Diagram of cystic fibrosis
https://www.flickr.com/photos/yourgenome/26855222462

Human DNA Extraction Lab

        In this lab, we asked how DNA can be separated from cheek cells to study. We found that significant amounts of DNA can be extracted as a visible precipitate. The thread-like structure could be seen suspended in the isopropanol alcohol, after the layer of nonpolar alcohol was added on top of the solution with DNA. It has been proven that through homogenization, lysis, and precipitation, one can extract DNA. This is done through breaking down the membranes and nuclear material with polar liquid, lysing the membranes, emulsifying the proteins and lipids, and breaking down the histones in the DNA. Then, by adding a polar substance as a layer, the DNA will fall out of solution at the interface and become a precipitate. Our data supports this claim and is the result of such a process, using salt as a precipation facilitator, detergent as a disruptor, and pineapple juice as a catabolic protease to help break down different structures in the cell and free the DNA.
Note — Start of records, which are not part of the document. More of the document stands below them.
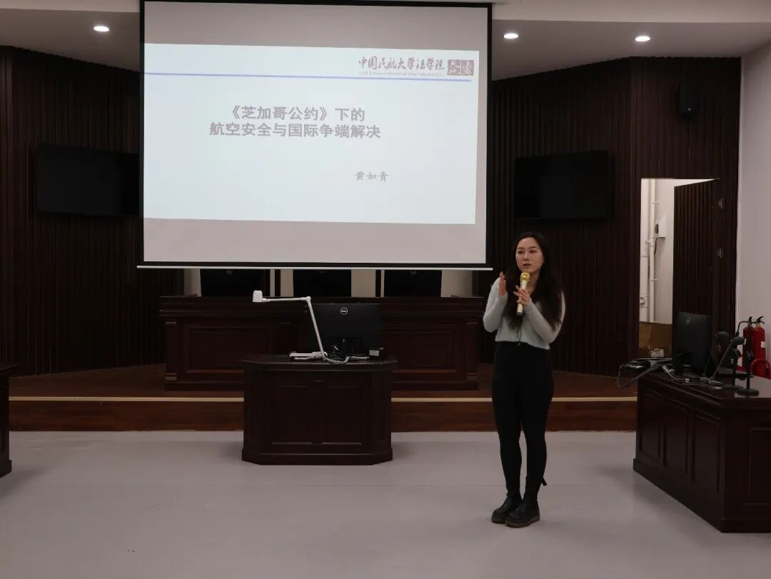 2025年10月15日,中国民航大学法学院黄如青老师应邀为h视频 师生作“《芝加哥公约》下的航空安全与国际争端解决”主题讲座,讲座由h视频 法学系主任王海龙主持。
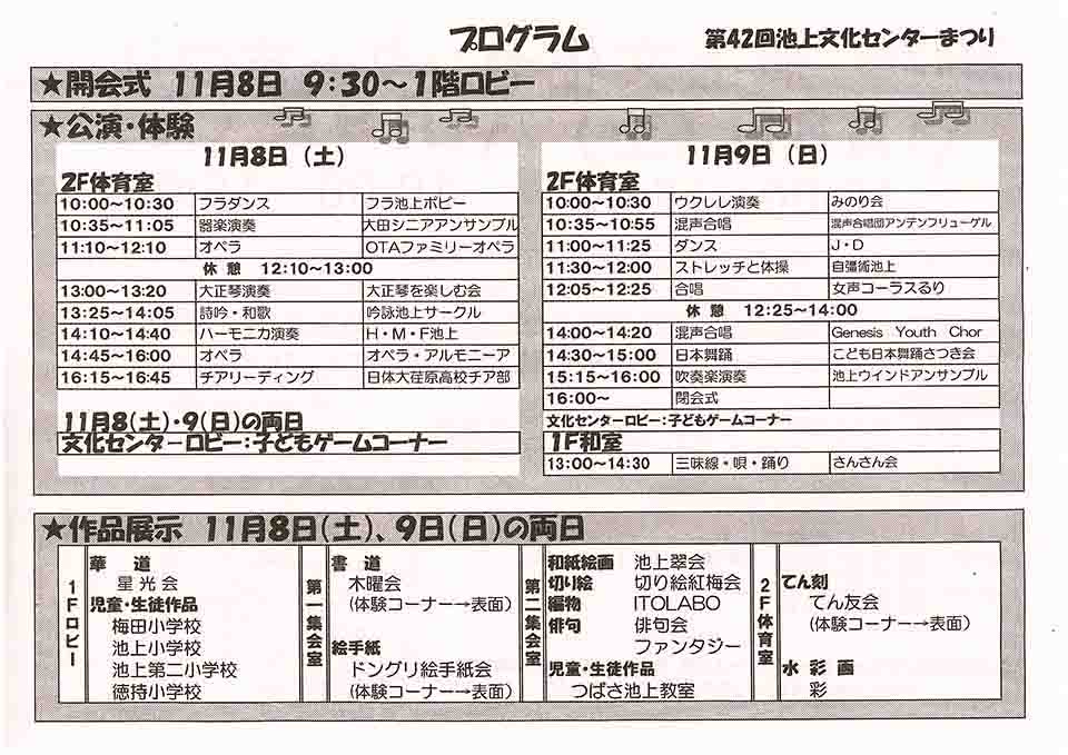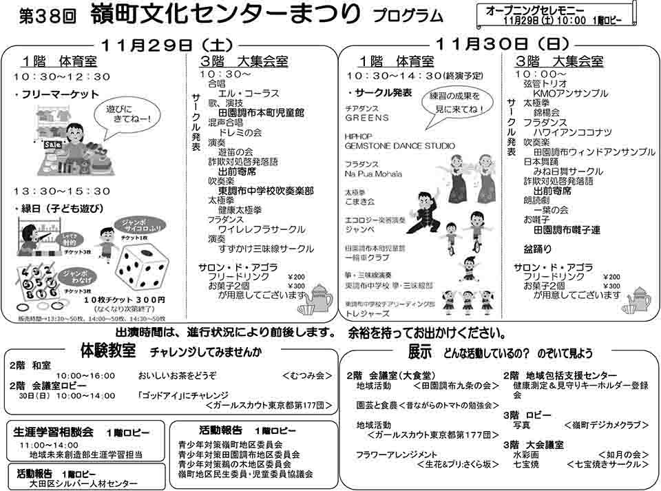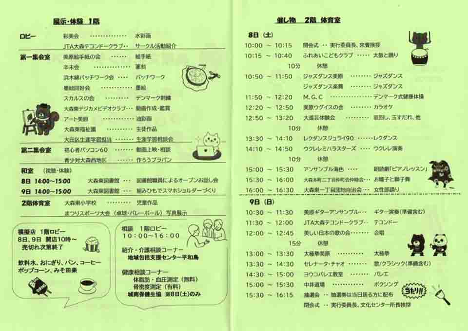 また、地域の人と人との出会いと交流、学習成果の発表を目的に文化センターまつりを開催しています。サークルや団体など地域の多くの人々が力を合わせて準備を行い、学習、文化、スポーツサークルなどの多彩な展示や発表、体験コーナーなど楽しい企画が盛りだくさんです。
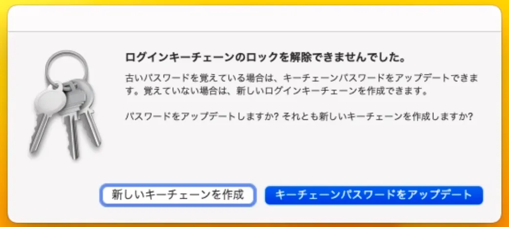 最もシンプルな対処法は,「新しいキーチェーンを作成」をクリックして新しいキーチェーンを作成することです.既存のキーチェーンの内容は失われますが,キーチェーンに何も保存していないなら問題ありません.
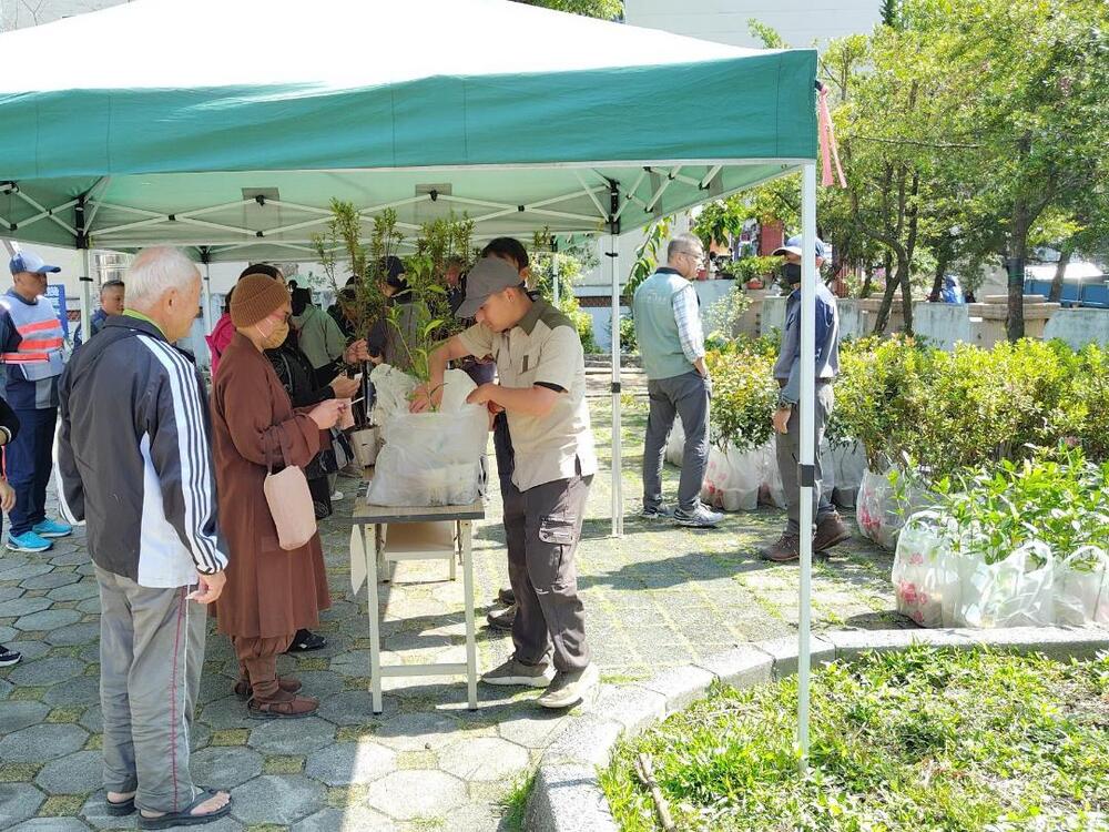 12日南投分署除透過各種闖關活動宣傳無痕山林、山林製造、生態工法、廉政守法及防止職場性騷擾等業務外,還發放顏色討喜的桃金孃及烏來杜鵑,可食用的台灣天仙果及山黃梔,花型優雅的厚葉石斑木及田代氏石斑木等6種苗木共9,000株。南投分署也利用植樹節贈苗的機會,提醒民眾整地後,挖掘容器兩倍寬度、加深20公分的植穴,依序放入有機肥料、表土,整理苗木根系,將苗木直立放入植穴後,覆蓋心土壓實,定期檢視樹木健康情形及水分,適時換盆、除草、施肥及修剪,避免病蟲危害,有健康的樹木才有機會看到賞心悅目的花朵。
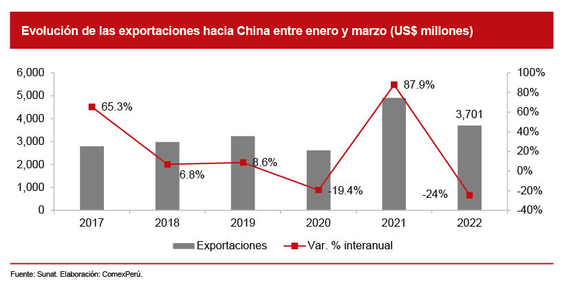 Así, en marzo de este año, las importaciones chinas cayeron un 0.1% con respecto al mismo mes del año anterior, según cifras de la Administración General de Aduanas de China. Esta caída es la primera registrada después de agosto de 2020, mes en que el país asiático se recuperaba de la primera ola de la pandemia de COVID-19. Solo en marzo de 2022, nuestras exportaciones hacia este destino cayeron un 26.4% con relación al mismo mes de 2021. Este descenso se explicó, principalmente, por nuestros menores envíos de hierro (-97.2%), zinc (-86.1%) y cobre (-31.7%).
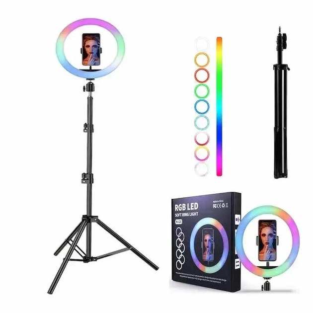Кільцева лампа RGB MJ260 26 см для відео Селфі лампа + Штатив 2 м (37108)
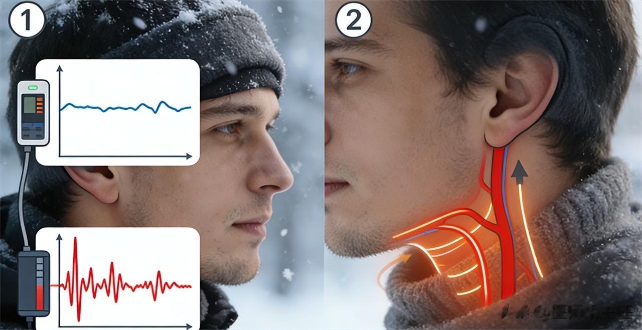 《美国高血压杂志》的一项研究显示,冷刺激下交感神经活性明显增强,血浆去甲肾上腺素水平升高,同时平均血压上升、血小板功能增强,这意味着血管更易收缩、血液更易凝聚,为血栓和脑梗埋下隐患。
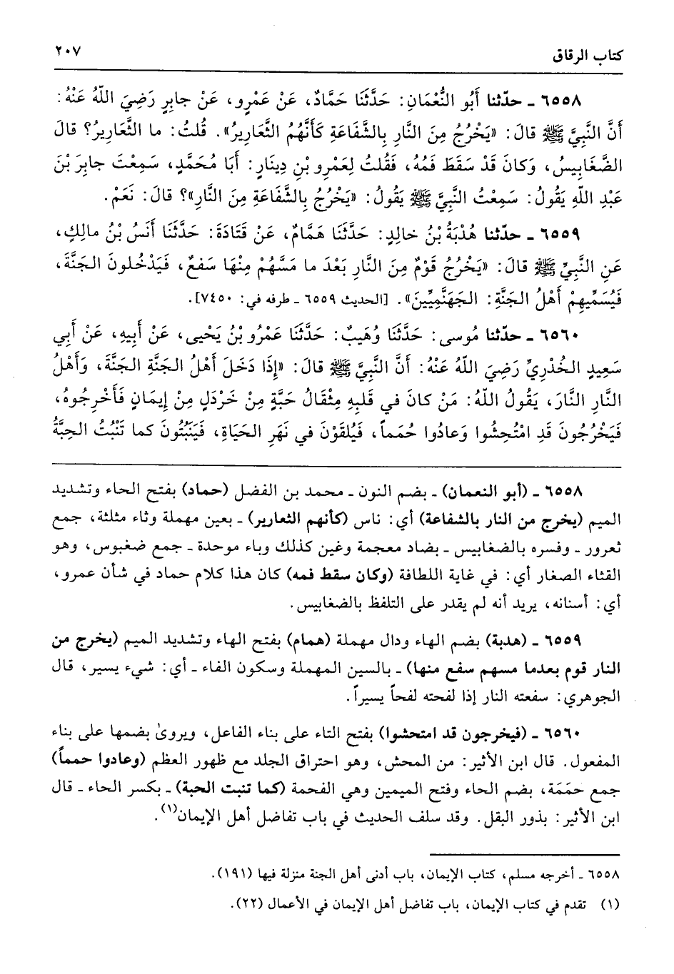 6559 - حَدَّثَنَا هُدْبَةُ بْنُ خَالِدٍ حَدَّثَنَا هَمَّامٌ عَنْ قَتَادَةَ حَدَّثَنَا أَنَسُ بْنُ مَالِكٍ عَنِ النَّبِيِّ - صلى الله عليه وسلم - قَالَ «يَخْرُجُ قَوْمٌ مِنَ النَّارِ بَعْدَ مَا مَسَّهُمْ مِنْهَا سَفْعٌ، فَيَدْخُلُونَ الْجَنَّةَ، فَيُسَمِّيهِمْ أَهْلُ الْجَنَّةِ الْجَهَنَّمِيِّينَ». طرفه 7450
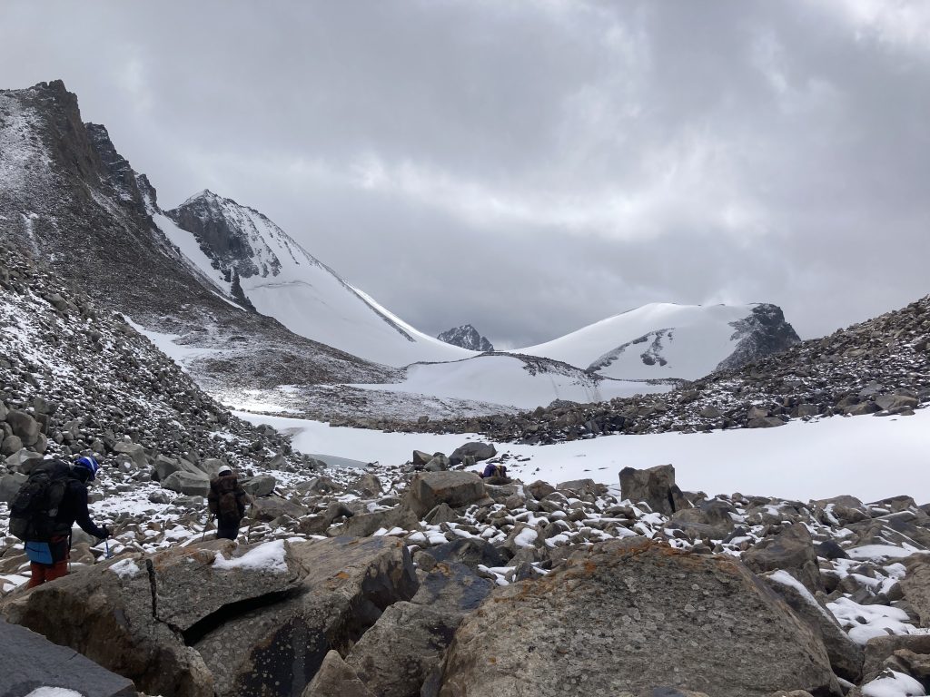 Уже с тела языка была видна конечная точка нашего дневного плана — озеро Советских Офицеров, которое выделялось своей бирюзовой водой среди камней и снегов. После прохождения языка ледника спустились по каменистым моренам и в 17:45 вышли на берег озера, где разбили лагерь. Озеро в это вечернее время под лучами заходящего солнца было особенно красивым.
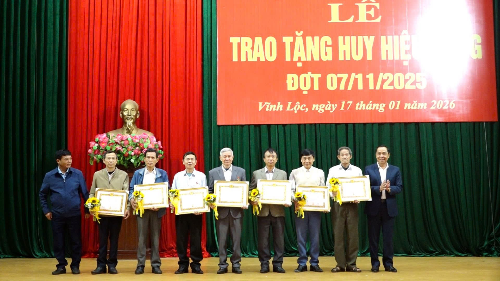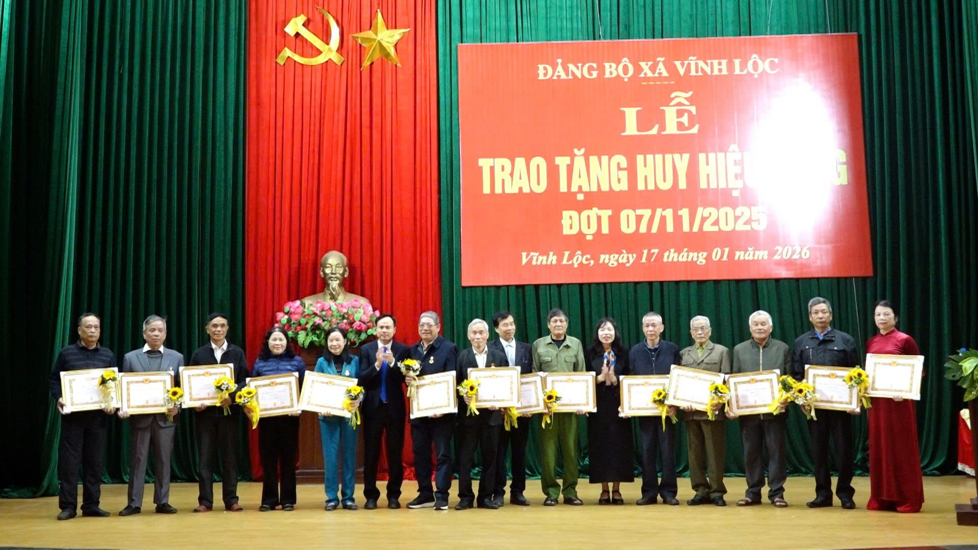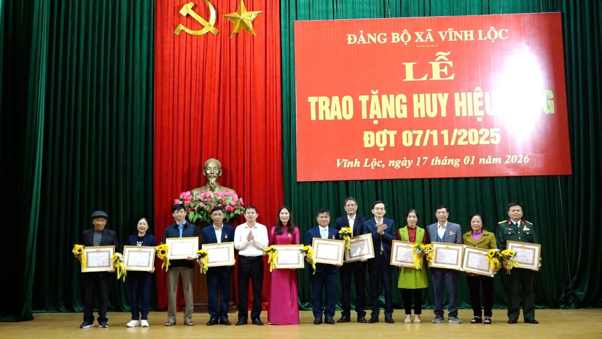 Tại buổi lễ, đồng chí Lưu Thị Thương, Ủy viên Ban Thường vụ Đảng ủy, Trưởng Ban Xây dựng Đảng xã đã công bố Quyết định trao tặng Huy hiệu Đảng. Theo đó, trong đợt 07/11/2025, xã Vĩnh Lộc có 54 đảng viên vinh dự được trao tặng Huy hiệu Đảng từ 30 năm đến 70 năm tuổi Đảng. Trong đó có 1 đồng chí nhận Huy hiệu 70 năm tuổi Đảng; 1 đồng chí nhận Huy hiệu 65 năm; 3 đồng chí nhận Huy hiệu 60 năm; 3 đồng chí nhận Huy hiệu 55 năm; 6 đồng chí nhận Huy hiệu 50 năm; 15 đồng chí nhận Huy hiệu 45 năm; 10 đồng chí nhận Huy hiệu 40 năm và 15 đồng chí nhận Huy hiệu 30 năm tuổi Đảng và 1 đồng chí được Truy tặng Huy hiệu 50 năm tuổi đảng.
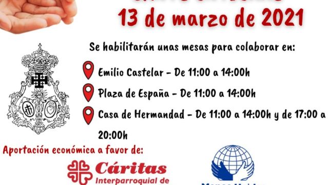 Todo lo recaudado irá destinado a Cáritas Interparroquial de la localidad y a Manos Unidas.
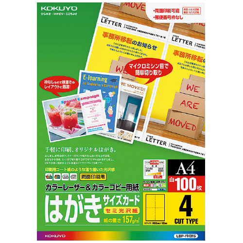はがきサイズカード セミ光沢紙100枚 カラーレーザー&カラーコピー用
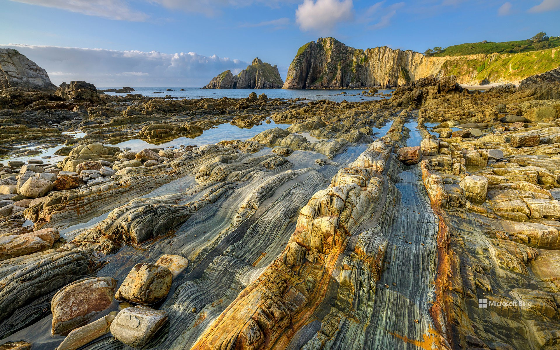 La Principauté des Asturies, en Espagne, est célèbre pour sa nature verdoyante, son riche héritage artistique et sa délicieuse cuisine. Parmi leurs trésors cachés, la Playa del Silencio est une plage en forme de coquillage qui offre une atmosphère paisible, isolée des zones urbaines et loin de l'agitation. Les falaises escarpées et le sable doré en font un lieu idéal pour se détendre. De plus, les grottes à proximité et les activités nautiques offrent des aventures palpitantes. La merveille géologique que vous pouvez voir ici est principalement constituée de quartzite, qui a remplacé progressivement la roche d'origine tout en conservant ses motifs et ses couleurs complexes, certaines ressemblant à du bois ancien.
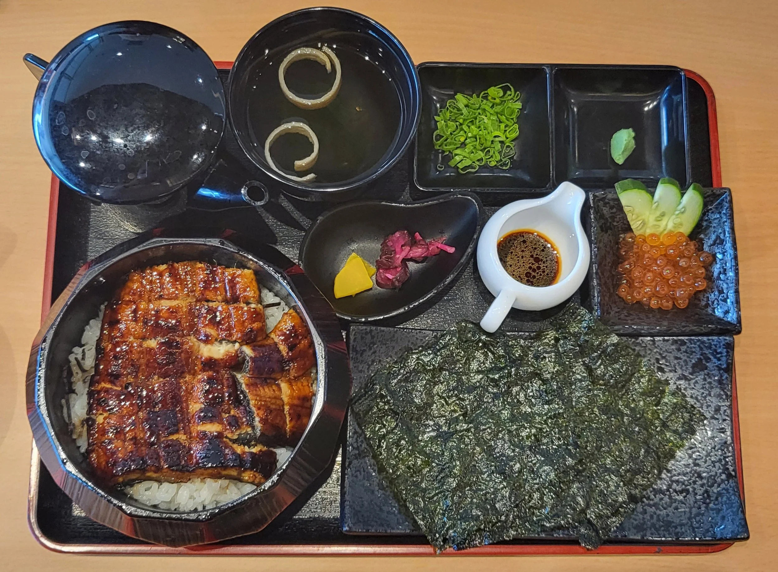 If you are new to unagi cuisine, hitsumabushi is a traditional Japanese dish with lots of finely chopped grilled eel served on top of rice. It is served alongside condiments such as wasabi, chopped green onions, and dashi broth/tea.

DNA precipitates into the ispropanol alcohol

        Some errors people in our lab group made led to alcohol and solution mixing, thus precluding the DNA from becoming a precipitate. In one experiment, the inversion to mix detergent with the solution was done too quickly and violently, thus leading to bubbles forming and disrupting the liquid surface. This would have kept the DNA from successfully precipitating at the interface, and could have mixed up or damaged the DNA strands in the solution. Another error was not measuring very precisely, which lead to a variety of results, some unsuccessful. We simply estimated amounts (e.g. pinch of salt), which may have led to imprecise measurement and thus a failed extraction with a certain substance being too dilute or concentrated. In a future experiment, I would suggest making sure to mix slowly, which would keep the solution from forming many bubbles. Additionally, keeping measurements precise, such as using measuring spoons and graduated cylinders, would give less variation and a higher success rate in general.

Precipitation is unsuccessful due to violent inversion

        This lab was done to demonstrate how DNA can be extracted from inside the nucleus of a cell. Moreover, I also learned how the membranes, histones, and nuclear material must all be broken down before the DNA can be extracted. This helped me understand how much protection the DNA has, due to it holding the genetic information. Not only does it never leave the nucleus (mRNA copies and leaves instead), there are many layers of membranes to keep it from being damaged by substances outside the cell. Outside of these concepts, based on my experience from this lab, I also now know how one might break down cell membranes to access, not only the DNA, but any organelle one might be studying using the techniques of homogenization, lysis, and precipitation.